Configuration Options

SwiftCrawl Constructor

SwiftCrawl(
    method='http',           # 'http', 'browser', or 'auto' (future)
    proxy=None,              # Proxy URL or config dict
    headless=True,           # Browser headless mode
    block_images=True,       # Block images in browser
    humanize=None,           # Human-like behavior (0.0-2.0)
    initial_url=None,        # URL to visit first (browser only)
    warmup=None,             # Async function(page) for browser setup
    locale='en-US',          # Browser locale
    os=['windows', 'macos'], # OS fingerprint options
    geoip=False,             # Auto-geolocate from proxy
    timeout=30.0,            # Request timeout (HTTP)
    max_concurrent=10,       # Queue concurrency limit
)

HTTP Mode Options (BrowserForge + httpx)

  • Generates realistic browser headers automatically
  • Rotates fingerprints between requests
  • Supports all standard httpx parameters

Browser Mode Options (Camoufox)

  • headless: Run in headless mode (default: True)
  • block_images: Block image loading for speed (default: True)
  • humanize: Enable human-like cursor movement (0.0-2.0)
  • initial_url: Navigate here first to collect cookies/session
  • warmup: Async function that receives the page object for setup (login, cookies, etc.)
  • geoip: Auto-detect geolocation from proxy IP
  • locale: Browser locale (default: 'en-US')
  • os: List of OS to randomly choose from

Parameter Validation

SwiftCrawl validates parameter compatibility and warns you about configuration mistakes:

Errors (ValueError)

Raised when parameters are fundamentally incompatible:

# ERROR: warmup requires browser mode
session = SwiftCrawl(method='http', warmup=my_warmup)
# ValueError: warmup parameter is only supported for 'browser' and 'auto' methods.

Warnings (UserWarning)

Issued when parameters will be ignored:

# WARNING: browser params with HTTP mode
session = SwiftCrawl(
    method='http',
    headless=False,  # Ignored in HTTP mode
    humanize=1.5     # Ignored in HTTP mode
)
# UserWarning: Browser-only parameters ['headless', 'humanize'] are ignored in HTTP mode.

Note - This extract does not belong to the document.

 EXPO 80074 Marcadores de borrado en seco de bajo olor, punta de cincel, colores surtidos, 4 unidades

# WARNING: timeout with browser mode
session = SwiftCrawl(method='browser', timeout=10.0)
# UserWarning: HTTP timeout parameter is ignored in browser mode.

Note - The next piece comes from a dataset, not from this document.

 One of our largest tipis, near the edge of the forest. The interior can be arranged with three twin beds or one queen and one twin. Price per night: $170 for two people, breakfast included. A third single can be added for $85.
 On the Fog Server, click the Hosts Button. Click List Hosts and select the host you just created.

This helps catch configuration mistakes early and ensures you understand which parameters are being used.

Architecture

SwiftCrawl
   method='http' -> AsyncHTTPClient (httpx + BrowserForge)
   method='browser' -> AsyncBrowserClient (Camoufox + Playwright)
   method='auto' -> Smart detection (coming soon)

Response Object
   .text / .html -> Raw content
   .json() -> JSON parsing
   .soup() -> BeautifulSoup (html.parser)
   .tree() -> lxml tree (XPath)
   .headers, .cookies, .status_code -> Metadata

Roadmap

  • HTTP mode with BrowserForge headers
  • Browser mode with Camoufox
  • Browser POST via page.evaluate(fetch())
  • Session/cookie management with initial_url
  • Warmup function for browser initialization
  • HTML-wrapped JSON parsing fix
  • Parameter validation and warnings
  • Unified Response object
  • Auto mode (intelligent method selection)
  • AsyncIO request queue for bulk processing
  • Rate limiting and retry logic
  • Middleware system
  • Built-in proxy rotation

Dependencies

  • httpx - Async HTTP client
  • browserforge - Browser fingerprint generation
  • camoufox - Anti-detection browser
  • playwright - Browser automation (via camoufox)
  • beautifulsoup4 - HTML parsing
  • lxml - XPath support

Testing

# Run fast, offline-safe suite
uv run pytest

# Include network + browser integration tests (needs internet & Playwright)
EASYSCRAPER_RUN_NETWORK_TESTS=1 uv run pytest

License

MIT

Third-Party Licenses

SwiftCrawl depends on the following open-source libraries. We are grateful to their maintainers and contributors:

Library License Repository
beautifulsoup4 MIT https://www.crummy.com/software/BeautifulSoup/
browserforge Apache-2.0 https://github.com/daijro/browserforge
camoufox MPL-2.0 https://github.com/daijro/camoufox
httpx BSD-3-Clause https://github.com/encode/httpx
lxml BSD-3-Clause https://github.com/lxml/lxml
playwright Apache-2.0 https://github.com/microsoft/playwright-python

All licenses require attribution. Please review each library's license for specific terms.

Contributing

Contributions are welcome! This is an early-stage project designed for flexible web scraping with anti-detection capabilities.

Project details


Download files

Download the file for your platform. If you're not sure which to choose, learn more about installing packages.

Source Distribution

swiftcrawl-0.1.1.tar.gz (21.3 kB view details)

Uploaded Source

Built Distribution

If you're not sure about the file name format, learn more about wheel file names.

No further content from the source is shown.